I have applied CountVectorizer()
on my X_train
and it returned a sparse matrix.我在我的X_train
上应用了CountVectorizer()
,它返回了一个稀疏矩阵。
Usually if we want to Standardize sparse matrix we pass in with_mean=False
param.通常,如果我们想标准化稀疏矩阵,我们会传入with_mean=False
参数。
scaler = StandardScaler(with_mean=False)
X_train = scaler.fit_transform()
But In my case after applying CountVectorizer on my X_train
I have also performed PCA(TruncatedSVD) to reduce dimensions.但对我来说我的应用CountVectorizer后X_train
我也进行PCA(TruncatedSVD),以减少尺寸。 Now my data is not a sparse matrix.现在我的数据不是稀疏矩阵。
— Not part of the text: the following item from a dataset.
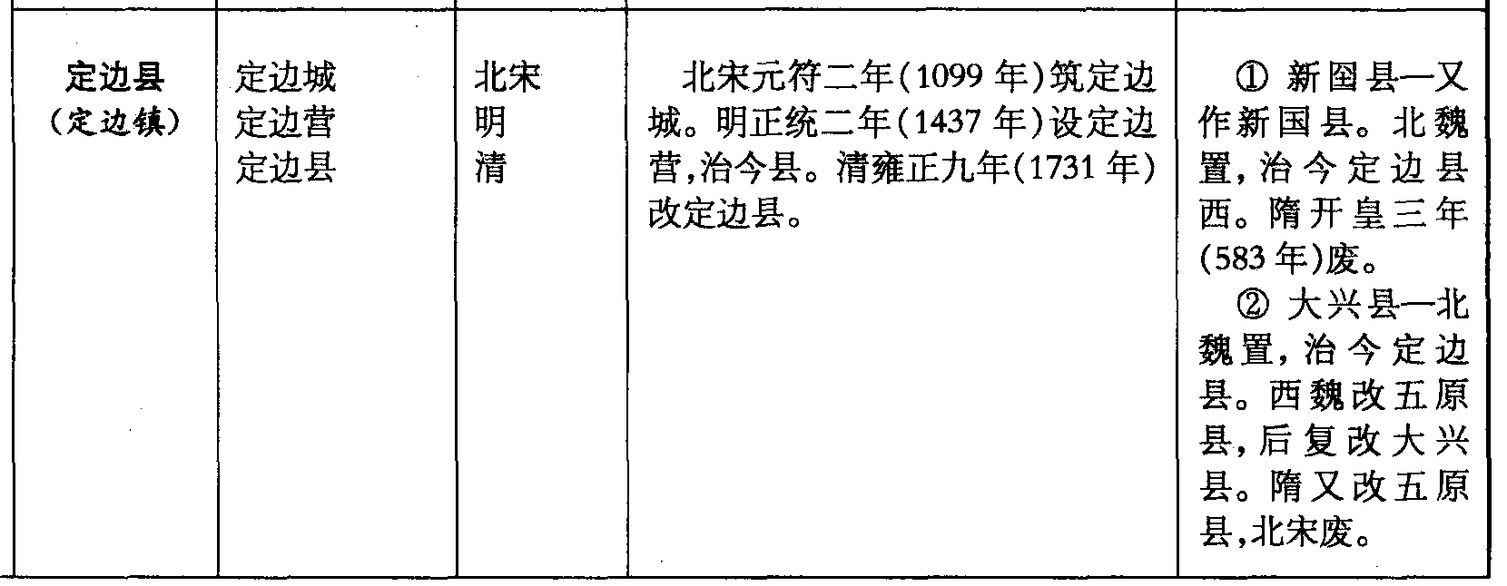 定边县(定边镇)定边城定边营定边县北宋明清北宋元符二年(1099年)筑定边城。明正统二年(1437年)设定边营,治今县。清雍正九年(1731年)改定边县。❶ 新囶县—又作新国县。北魏置,治今定边县西。隋开皇三年(583年)废。❷ 大兴县—北魏置,治今定边县。西魏改五原县,后复改大兴县。隋又改五原县,北宋废。

So now can I apply StandardScaler()
directly without passing with_mean=False
(ie with_mean=True)
?那么现在我可以直接应用StandardScaler()
而不传递with_mean=False
(ie with_mean=True)
吗?
If you take a look at what the with_mean
parameter does, you'll find that it simply centers your data before scaling.如果您查看with_mean
参数的作用,您会发现它只是在缩放之前将数据居中。 The reason why you don't center a sparse matrix is because when you try to center a sparse matrix it will get transformed into a dense matrix and will occupy much more memory, thus destroying its sparsity in the first place.您不将稀疏矩阵居中的原因是,当您尝试将稀疏矩阵居中时,它将被转换为稠密矩阵并占用更多内存,从而首先破坏了其稀疏性。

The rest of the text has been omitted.